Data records
--*--

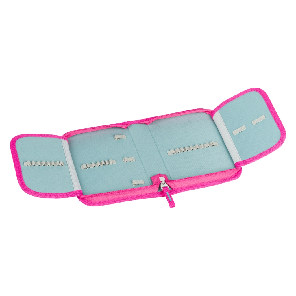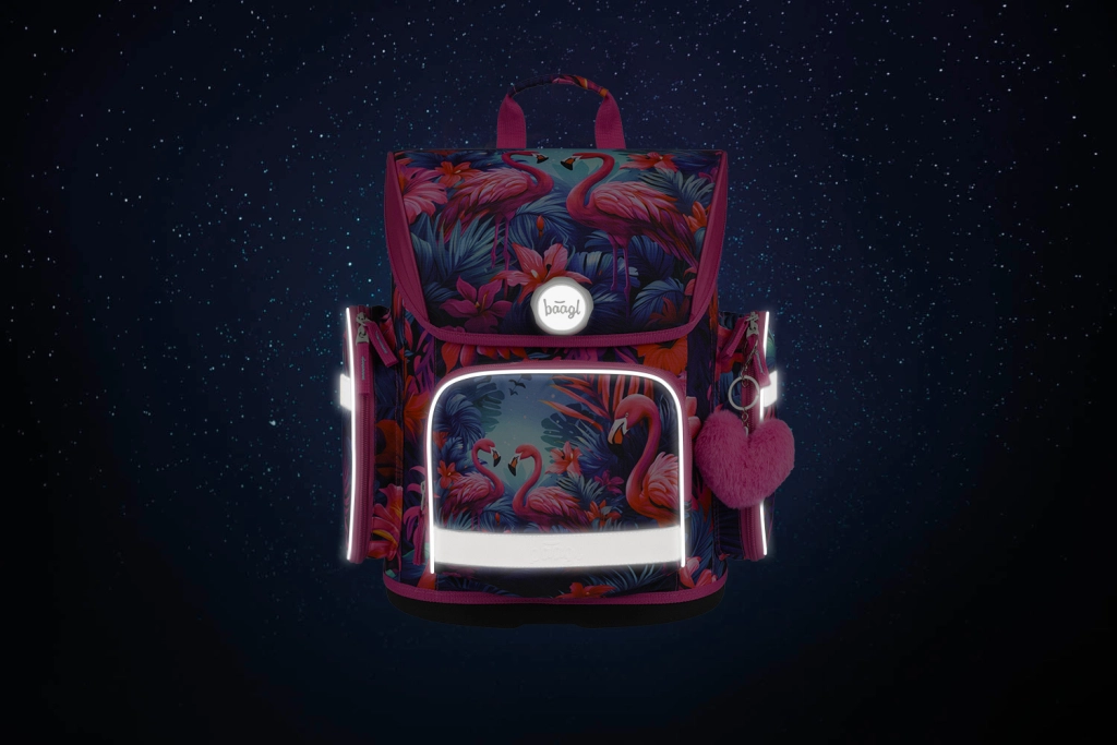 Die komplette Schulausstattung im einheitlichen Design FLAMINGOS begeistert Kinder und Eltern gleichermaßen. Die ergonomische Schultasche mit dem verstellbaren ERGO ADJUSTABLE SYSTEM wächst mit dem Kind mit, verfügt über gepolsterte Rückenfläche, verstellbare Schulter-, Brust- und Seitenriemen sowie einen zuverlässigen magnetischen Fidlock-Verschluss für einfaches und schnelles Öffnen. Wasserabweisende Materialien, ein stabiler Boden und reflektierende Elemente erhöhen Widerstandsfähigkeit und Sicherheit im Alltag.
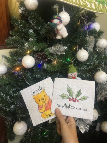 Sau khi đã tạo thành giấy bã mía chúng em tiến hành tạo ra các sản phẩm thủ công từ mẫu giấy mình làm được như những bức tranh, lịch cầm tay, các tấm thiệp, bookmark hay các loại Card visit…Hạt giống lúc này được chúng em gắn lên sản phẩm bằng 1 lớp hồ gạo thật mỏng để trang trí, và nếu không sử dụng giấy sẽ được tái sinh thành những mầm non mang màu xanh Cát Bà đi đến muôn nơi.
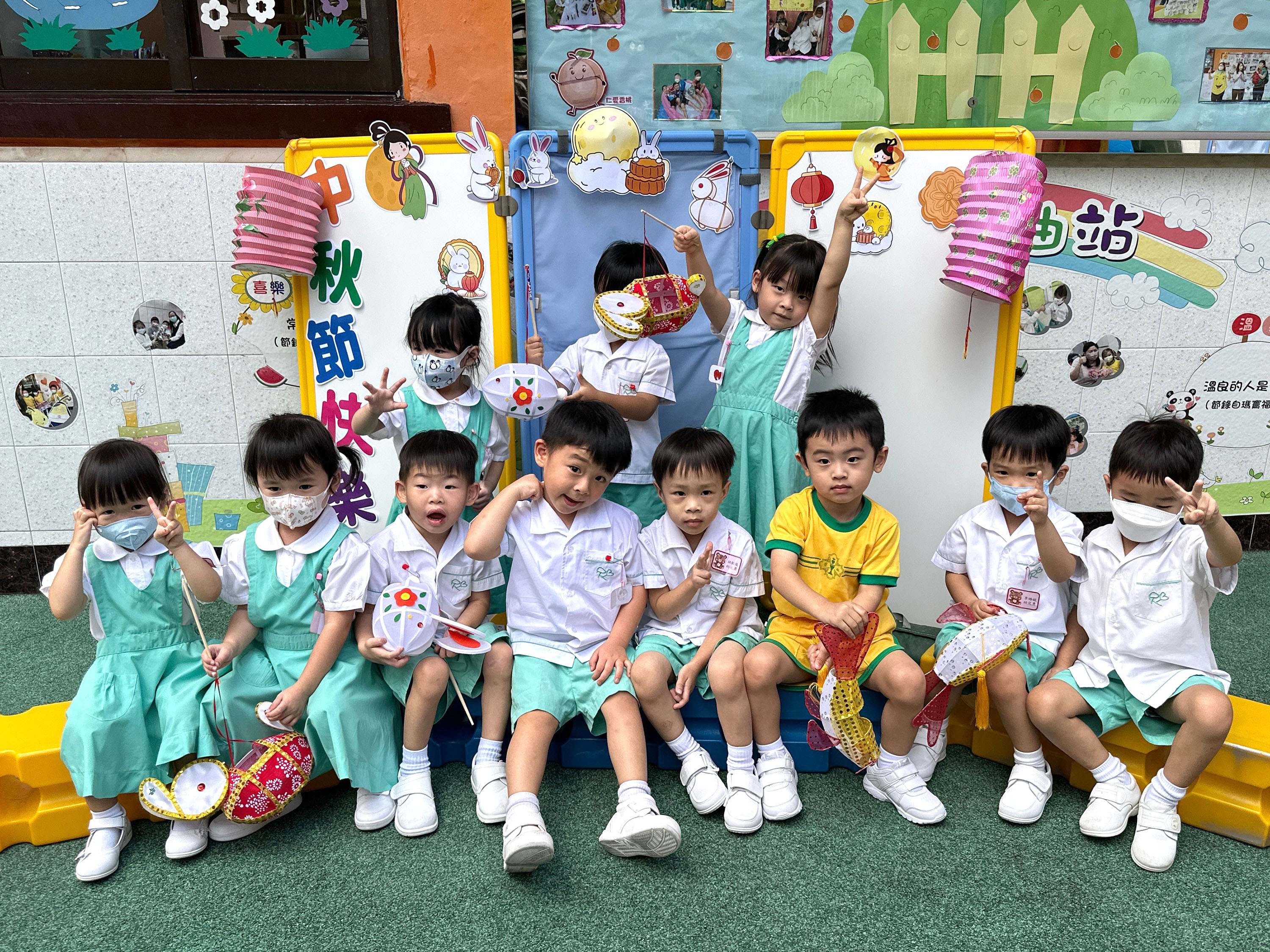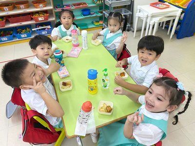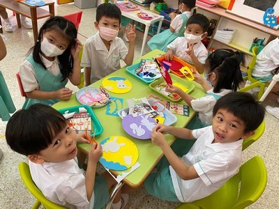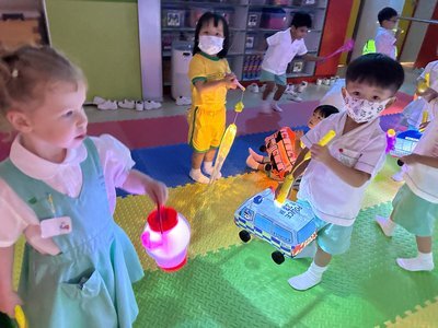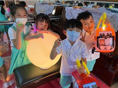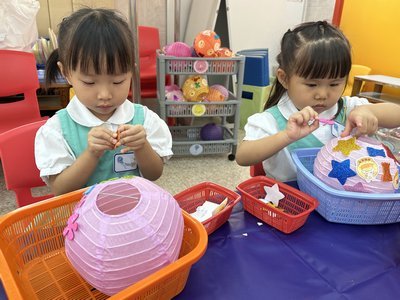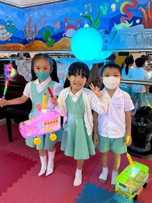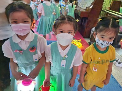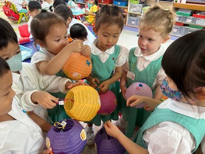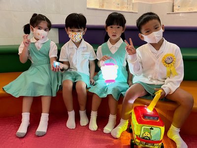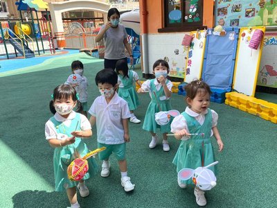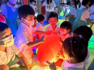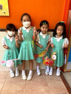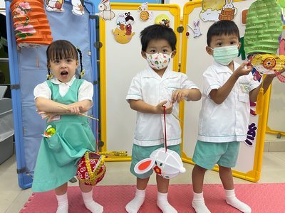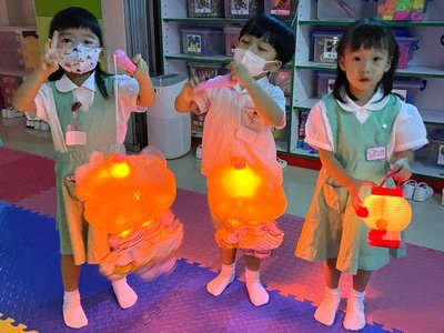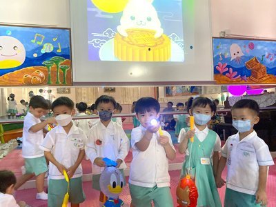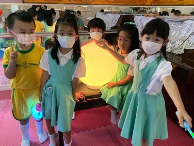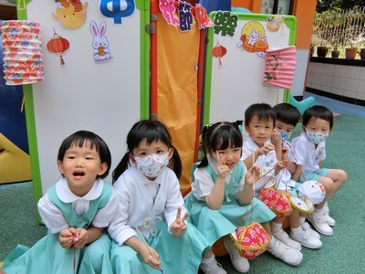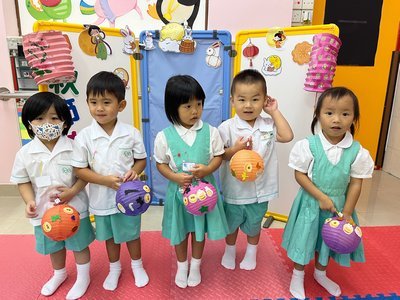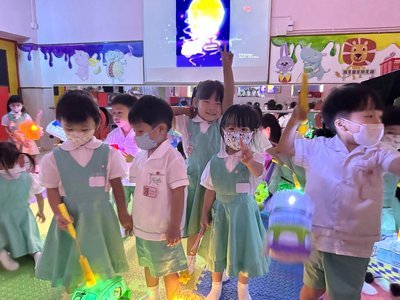 為慶祝一年一度的中秋佳節,讓幼兒感受濃厚的節日氣氛,本園於2023年9月28日舉行了「中秋節提燈會」,老師把各色各樣具中國傳統特色的手紮燈籠懸掛在校舍內,有活潑的小兔和金光閃閃的金魚等,幼兒都十分喜愛。此外,透過中國傳統故事讓幼兒認識中秋節的來源,同時亦欣賞了彩燈會、舞火龍和月餅製作等影片,活動期間幼兒更在漆黑的房間中與老師一起欣賞LED燈飾,玩卡通燈籠,還有一起製作月餅和花燈手工,師生們共渡了一個熱鬧和充滿氣氛的中秋節呢!
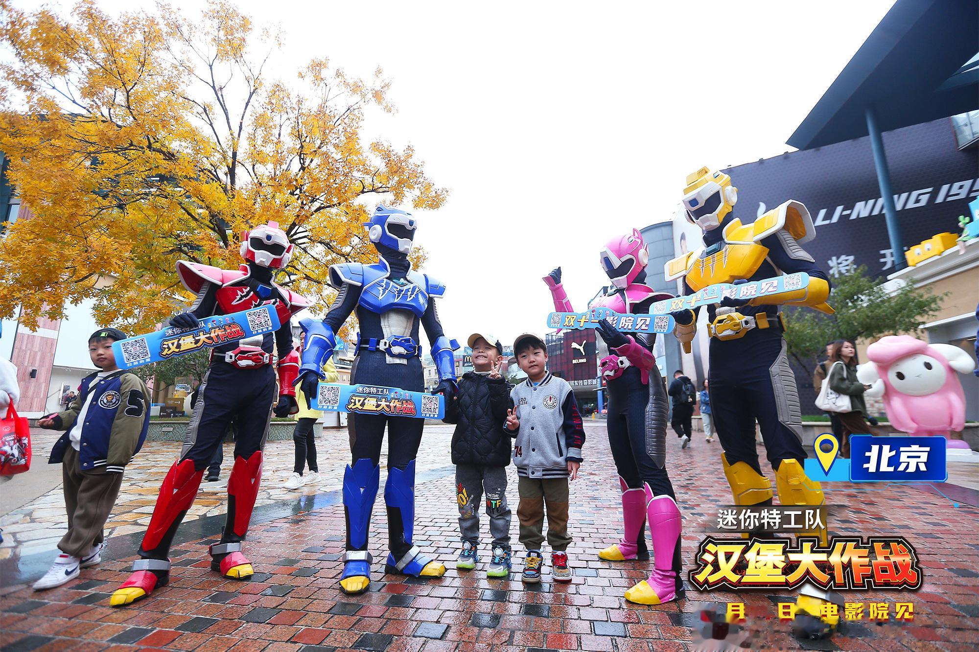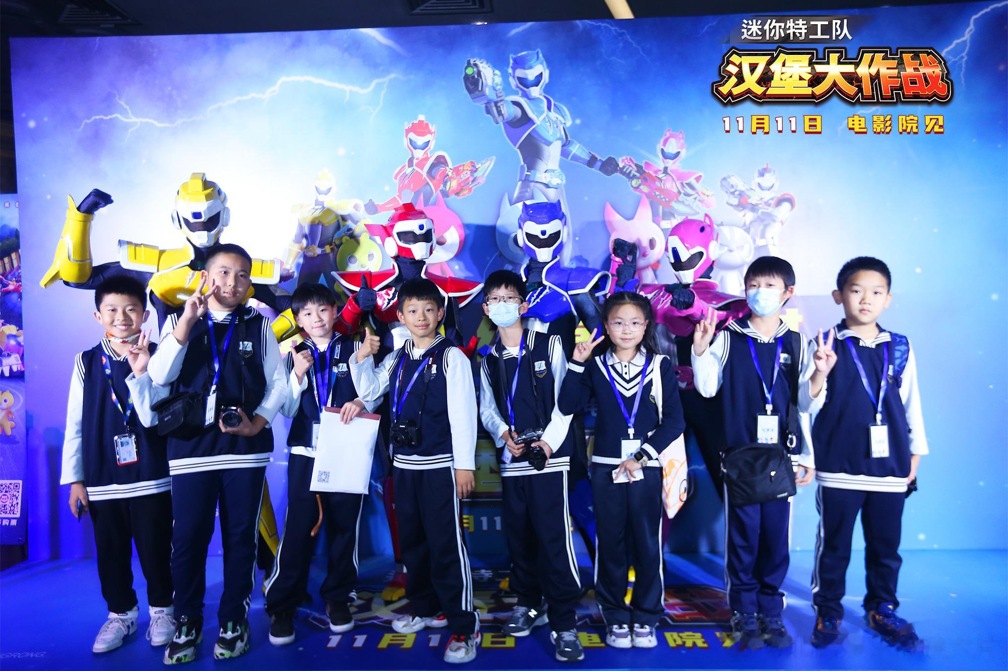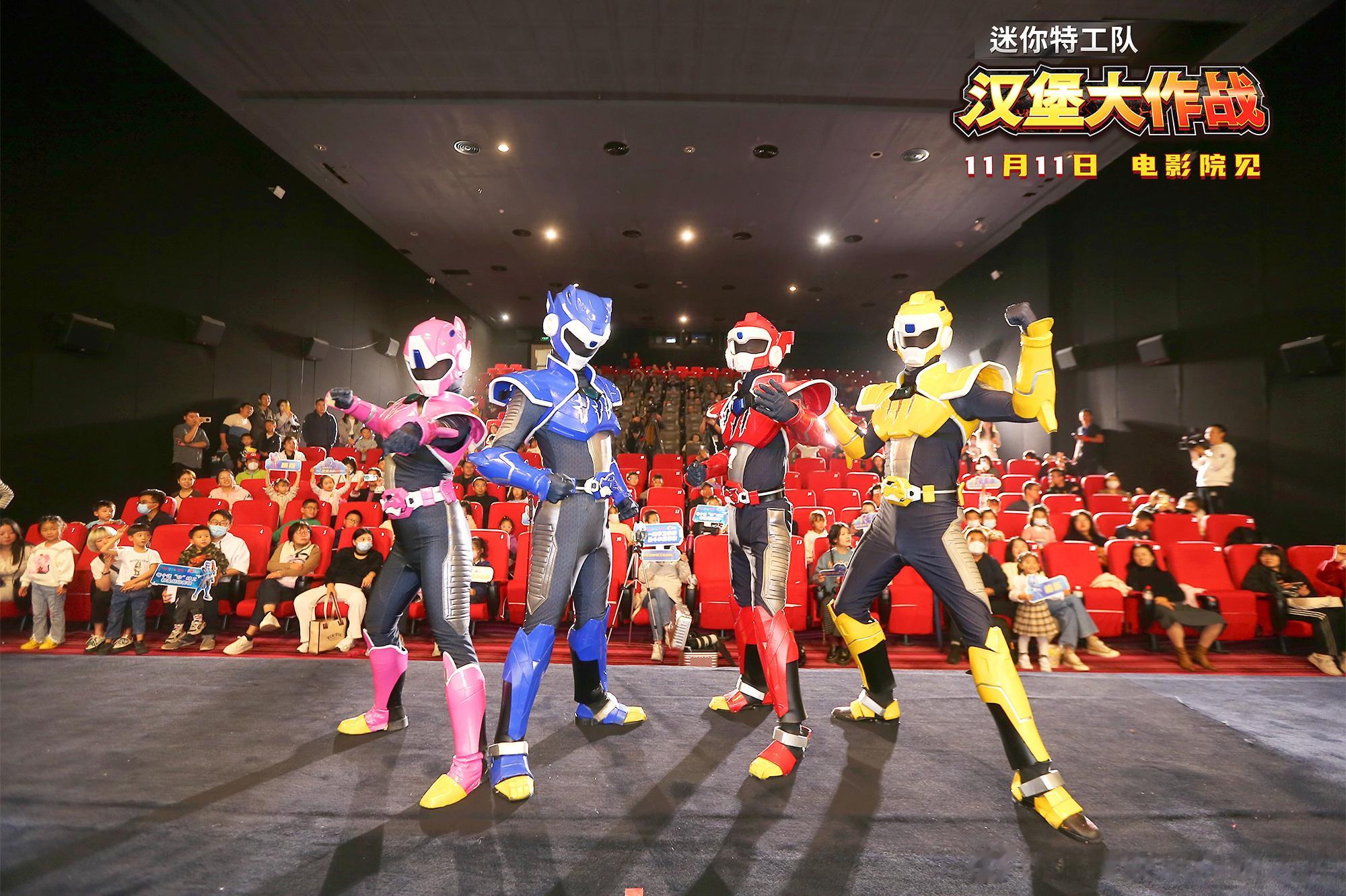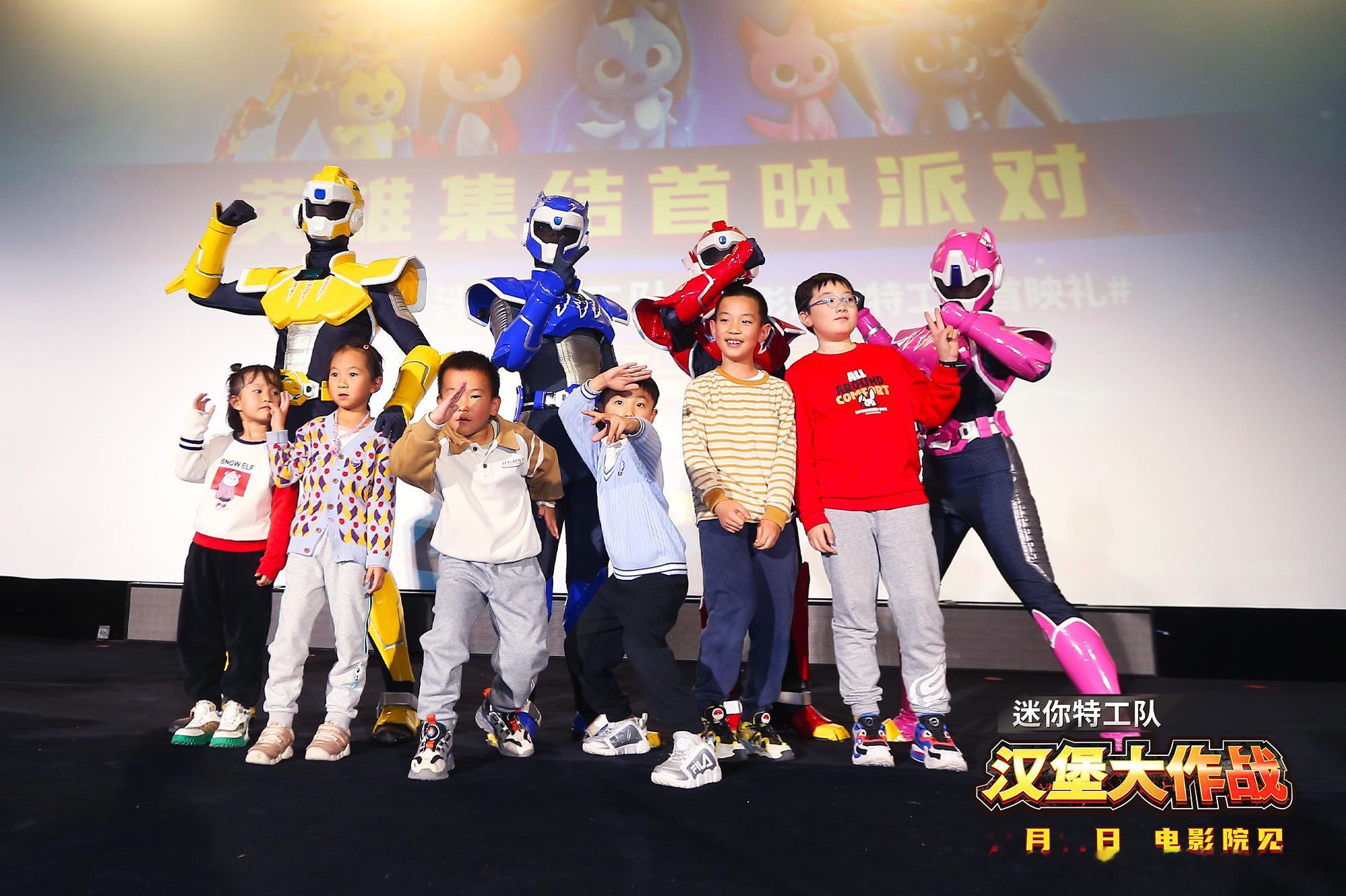 #电影迷你特工队首映礼# 特工队成员福乐、小米、路茜、麦思首度合体亮相北京首映派对,小朋友热情合影,学习作战pose,小朋友的世界不能没有超级英雄,11月11日,电影全国上映,召唤超级恐龙力量,一起变身!#电影迷你特工队之汉堡大作战#
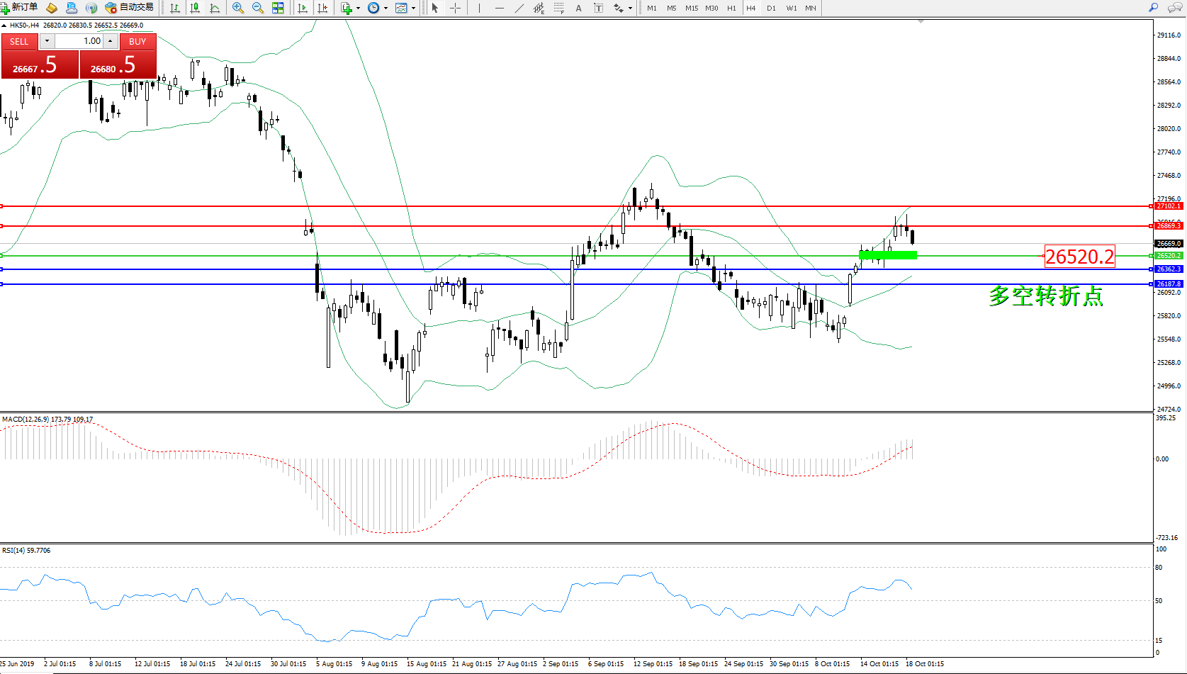 香港恒生指数1018日(周五)收盘下跌128.91点,跌幅0.48%,报26719.58点;港股早上跟随外围造好而高开,随后再扩大升幅,恒指高见26985,最多升136点。始终未能冲破27000关口。恒指在连升两日后,已见疲态。恒指见沽压后回落倒跌,低见26775。对于港股而言,最近并不是交易清淡,而是可资讨论的话题不多。短期博弈本地票,还是有一定风险,碍于篇幅不方便展开,但股指走势和宏观数据已经明了,多空双方等待的无非就是一个明确的信号。
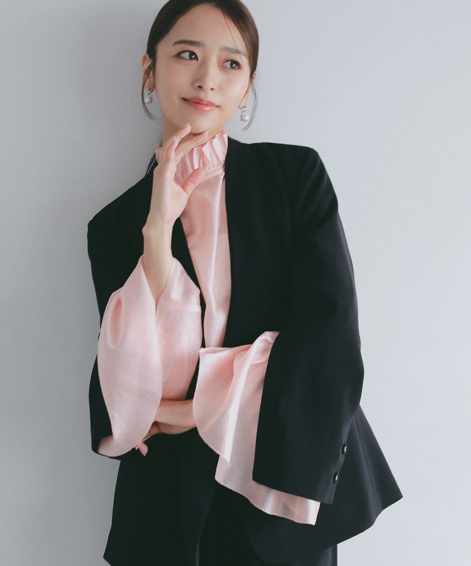 ブラウス&イージーストレートワイドパンツとあわせてセレモニースタイルも実現!

--*--

◆ WHAT TO PRODUCE:
Omit the pictures; restate every entry word for word.

◆ RESULT OF THIS EXERCISE:
 Die komplette Schulausstattung im einheitlichen Design FLAMINGOS begeistert Kinder und Eltern gleichermaßen. Die ergonomische Schultasche mit dem verstellbaren ERGO ADJUSTABLE SYSTEM wächst mit dem Kind mit, verfügt über gepolsterte Rückenfläche, verstellbare Schulter-, Brust- und Seitenriemen sowie einen zuverlässigen magnetischen Fidlock-Verschluss für einfaches und schnelles Öffnen. Wasserabweisende Materialien, ein stabiler Boden und reflektierende Elemente erhöhen Widerstandsfähigkeit und Sicherheit im Alltag.
 Sau khi đã tạo thành giấy bã mía chúng em tiến hành tạo ra các sản phẩm thủ công từ mẫu giấy mình làm được như những bức tranh, lịch cầm tay, các tấm thiệp, bookmark hay các loại Card visit…Hạt giống lúc này được chúng em gắn lên sản phẩm bằng 1 lớp hồ gạo thật mỏng để trang trí, và nếu không sử dụng giấy sẽ được tái sinh thành những mầm non mang màu xanh Cát Bà đi đến muôn nơi.
 為慶祝一年一度的中秋佳節,讓幼兒感受濃厚的節日氣氛,本園於2023年9月28日舉行了「中秋節提燈會」,老師把各色各樣具中國傳統特色的手紮燈籠懸掛在校舍內,有活潑的小兔和金光閃閃的金魚等,幼兒都十分喜愛。此外,透過中國傳統故事讓幼兒認識中秋節的來源,同時亦欣賞了彩燈會、舞火龍和月餅製作等影片,活動期間幼兒更在漆黑的房間中與老師一起欣賞LED燈飾,玩卡通燈籠,還有一起製作月餅和花燈手工,師生們共渡了一個熱鬧和充滿氣氛的中秋節呢!
 #电影迷你特工队首映礼# 特工队成员福乐、小米、路茜、麦思首度合体亮相北京首映派对,小朋友热情合影,学习作战pose,小朋友的世界不能没有超级英雄,11月11日,电影全国上映,召唤超级恐龙力量,一起变身!#电影迷你特工队之汉堡大作战#
 香港恒生指数1018日(周五)收盘下跌128.91点,跌幅0.48%,报26719.58点;港股早上跟随外围造好而高开,随后再扩大升幅,恒指高见26985,最多升136点。始终未能冲破27000关口。恒指在连升两日后,已见疲态。恒指见沽压后回落倒跌,低见26775。对于港股而言,最近并不是交易清淡,而是可资讨论的话题不多。短期博弈本地票,还是有一定风险,碍于篇幅不方便展开,但股指走势和宏观数据已经明了,多空双方等待的无非就是一个明确的信号。
 ブラウス&イージーストレートワイドパンツとあわせてセレモニースタイルも実現!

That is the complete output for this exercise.